If a vapor power cycle states, "Within the vapor dome" --&gt; Carnot Cycle problem for sure.

Know Carnot, Rankine, and Brayton cycles backwards and forwards.

An example of a Brayton refrigeration cycle is not in MERM. Just reverse the arrows on the Braton power cycle, same diagram, it's now Q_out (cooling), rather than Q_in (combustion), etc. and solve for COP (coefficient of performance) rather than overall efficiency.

There's many more, but these are some of the basics.


----------



## tmacier (Sep 23, 2010)

The questions was asked on orginization-

I am taking the thermo section and am planning on only taking the following books: MERM, NCEES practive problems and sixminute solution problems.

I fear that if I bring in to much I wont find what I am looking for-

As I practice problems I am taking notes and adding stuff to the MERM-

Am I crazy? Any one take this approach?

Tim


----------



## Shaggy (Sep 23, 2010)

tmacier,

The path you are following is fine. The best recommendation I can give is to do as many problems as possible. Make notes or whatever you need. This will allow you to get familiar with your references. Don't bring references to the test that you didn't use on practice problems.


----------



## abourne (Sep 24, 2010)

Tim,

That sounds about right.

I'm going to bring my Schigley Machine Design book. I'm doing Thermo afternoon, but it's a good reference for some of the beam diagrams, centroids, moments of inertia, etc. It's one of the only books that's usually recommended.

I agree with Shaggy.
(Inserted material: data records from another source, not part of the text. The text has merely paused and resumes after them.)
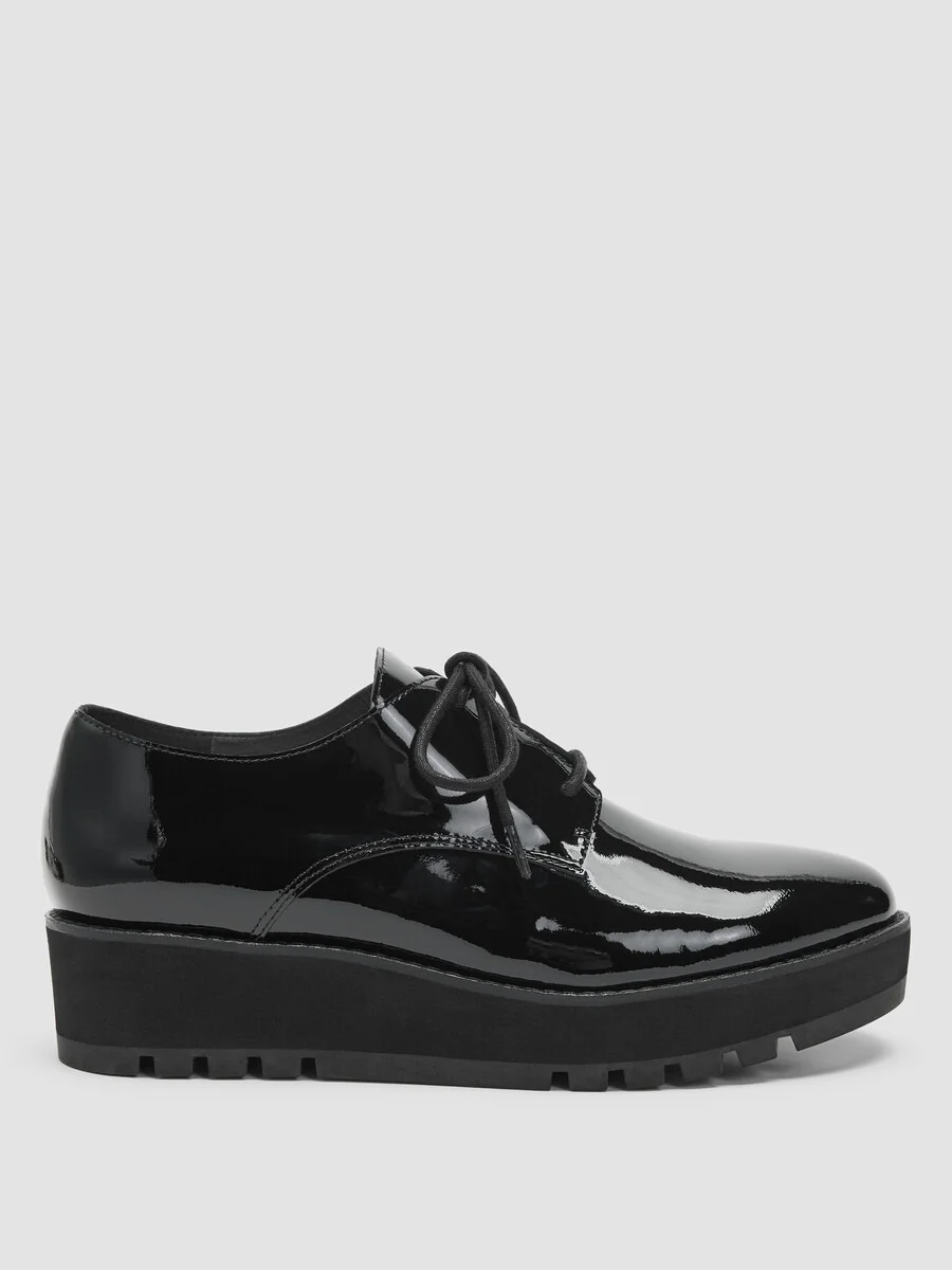 A new take on the oxford—with a platform wedge and classic lace-up styling. In sleek patent leather. Style No. EF46339A DESIGN - EVA heel made in part from sugar cane and 25% recycled content. Tread bottom made in part from recycled rubber. - Only available at select EILEEN FISHER stores. - 2-inch heel, 1-inch platform. - Almond toe, wedge heel. - Lace-up styling. - Padded toe, arch and heel for comfort; leather lining. - Style No. EF46339A FABRIC - Patent leather upper; rubber outsole for comfort, flexibility and traction. - Made in China. SUSTAINABILITY - Leather lining is finished at an LWG Gold-Rated Tannery.
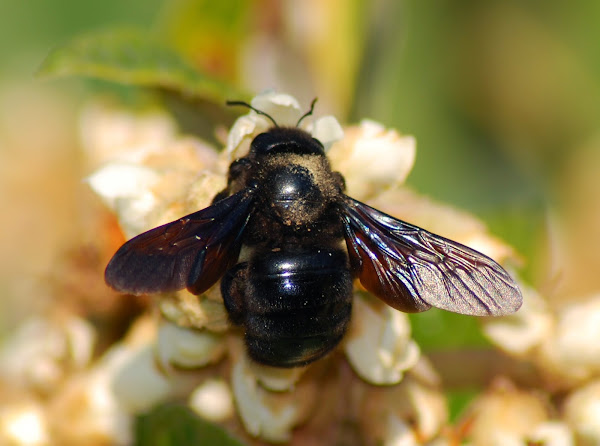 Otro tipo de abeja, menos abundante y de conducta solitaria, es la abeja azul de la madera (Xylocopa violacea). Grande, zumbona, impresionante, se abre paso a la fuerza entre los pétalos para acceder al festín. Lleva el dorso cubierto de polen.
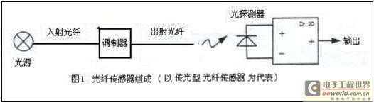 光纖傳感器一般是由光源、接口、光導纖維、光調制機構、光電探測器和信號處理系統等部分組成。來自光源的光線,通過接口進入光纖,然后將檢測的參數調制成幅度、相位、色彩或偏振信息,最后利用微處理器進行信息處理。概括光纖傳感器一般由三部分組成,除光纖之外,還必須有光源和光探測器兩個重要部件,見圖1所示。
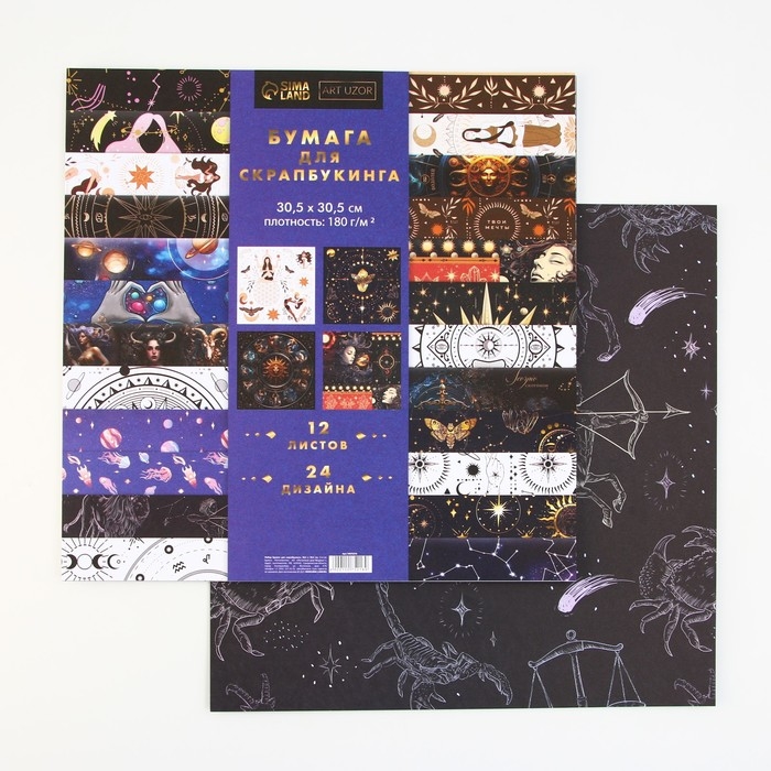Набор бумаги для скрапбукинга «Космос внутри», 12 листов, 30.5 х 30.5 см, 180 г/м²

Don't bring in materials you didn't use to practice and prepare.

A lot of things I'm bringing in are class notes and other materials in binders.


----------



## RobertR (Jan 10, 2011)

abourne said:


> Shaggy said:
> 
> 
> > Are you taking review course taught by Rich Davis?
> ...



Were you in the Irvine class? I think Rich made the difference in helping me to pass.


----------